Asset managers often provide fee discounts to key clients, including pension schemes, in order to secure their business. However, details of these deals have traditionally remained secret.

According to ClearGlass Analytics, a consultancy that has developed a database of costs and performance based on 35,000 investment portfolios, the opaqueness of the market has resulted in significant variations in fees paid by pension schemes even when purchasing identical or very similar funds. In fact, the higher fees amount to over £2 billion per year paid by scheme trustees, as revealed by ClearGlass data.

These findings raise concerns about whether pension schemes are obtaining the best deals and if the market is functioning properly. They come after the introduction of new UK regulations, known as the consumer duty, which require asset managers to demonstrate that they provide excellent value for money to clients.

ClearGlass CEO Chris Sier commented, “Competition is not working. Almost every deal between a fund manager and a pension scheme is different. Each scheme receives its own ‘special’ price, and the understanding of ‘don’t tell anyone else about the deal you have or else’ has existed forever.”

ClearGlass estimates that only 25% of investors are receiving good value for money when comparing their fees with ongoing charges and median net returns over five years.

For actively managed global equity funds, ClearGlass found a discrepancy of 0.71 percentage points in annual fees between the best and worst deals. This gap increases to 0.91 percentage points for active emerging market funds and up to 1.16 percentage points for multi-asset targeted absolute return funds.

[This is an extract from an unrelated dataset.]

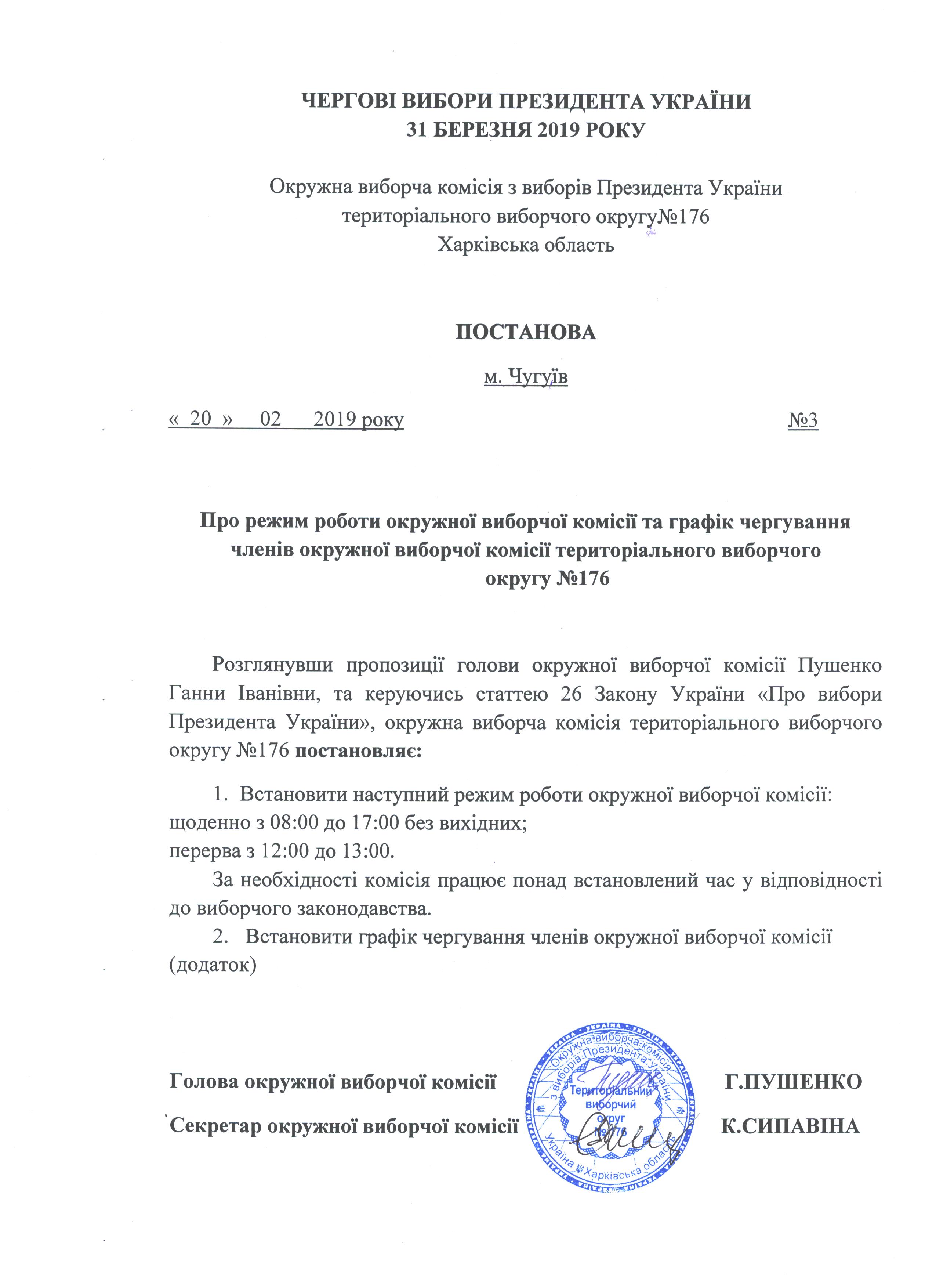 Про режим роботи окружної виборчої комісії та графік чергування членів окружної виборчой комісії територіального виборчого округу №176 |

Furthermore, even fees for passive index-tracking funds and strategies exhibit significant discrepancies that can impact the overall costs paid by a pension scheme.

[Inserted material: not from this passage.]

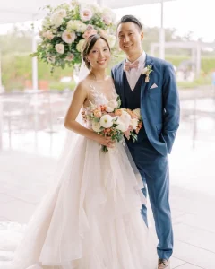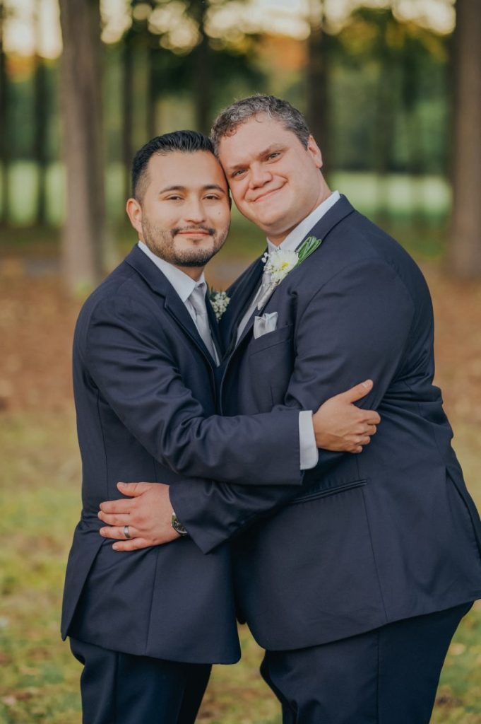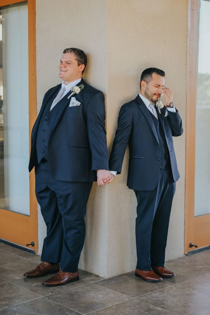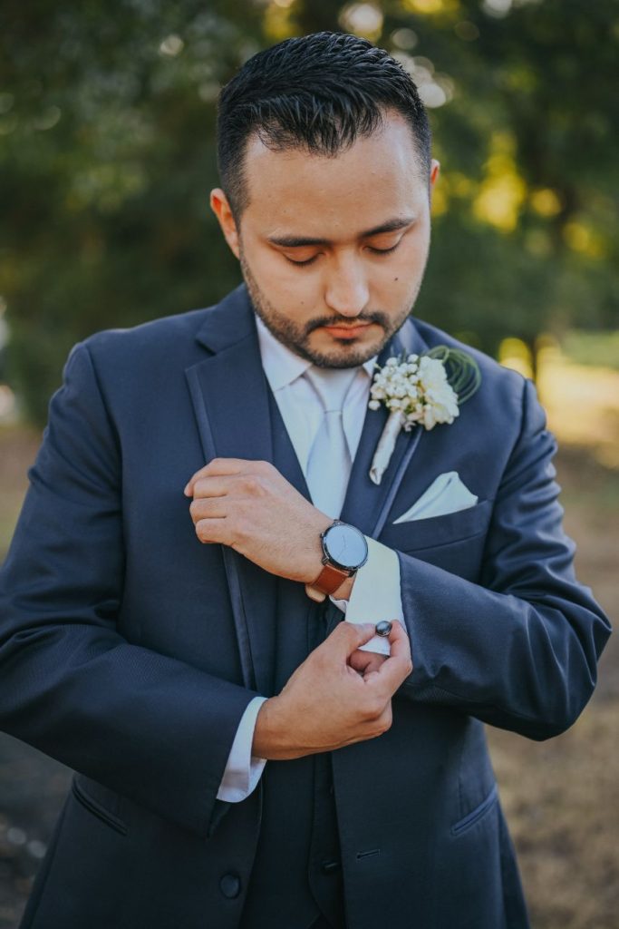 We can’t get enough of all the navy blues in Obed and Stephen’s modern rustic wedding at The Woodlands Country Club. The couple met online while Stephen was enjoying a family vacation in South Padre Island and Obed was only a couple of miles away in Brownsville, Texas. They talked long nights over Facetime and learned about each other before meeting for the first time in Brownsville in July 2020. After doing long-distance for nine months, things got much easier when Obed’s family moved to the Houston area. Finally, in July 2021, Obed and Stephen moved in together, and Stephen gave Obed the ultimate surprise. Stephen proposed with a watch instead of a ring and eventually got one to match himself. The two love looking down at their matching watches with their new favorite accessories- their wedding bands.

ClearGlass identified one manager who runs a passive equity fund and has a 0.17 percentage point gap in ongoing charges between their best and worst deal in one of the most competitive fee sectors.

The Investment Association, which represents the UK’s asset management industry, asserts that institutional investors actively seek out deals that best suit their needs. They argue that some strategies may appear more expensive than similar alternatives, but investors might choose them because they align better with their requirements.

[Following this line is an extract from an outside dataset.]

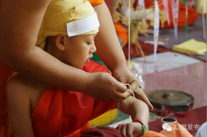 得到允许后,众僧人在家长的帮助下,给新出家的男孩们换上袈裟,戴上佛珠,男孩们正式成为和尚。

Peter Sleep, overseeing multiple multi-manager strategies at UK wealth management firm 7IM, suggests that negotiating fee discounts is easier for newly launched funds and for investors making significant commitments.

Sleep adds, “Some wealth managers and small pension funds may lack the influence to negotiate fee discounts. However, it’s important to ask and negotiate because there are deals to be made.”

This month, the Financial Conduct Authority warned asset managers that justifying fees based on comparisons with peer funds does not meet the requirements of the new rules.

While data on fund factsheets indicates a decrease in fees over the past three years, the actual fees paid by large investors may complicate asset managers’ claims of delivering excellent value for money to all clients.

Considering that asset managers offer different rates to different clients, Sier states, “To claim that all customers received the same value for money would be misleading.”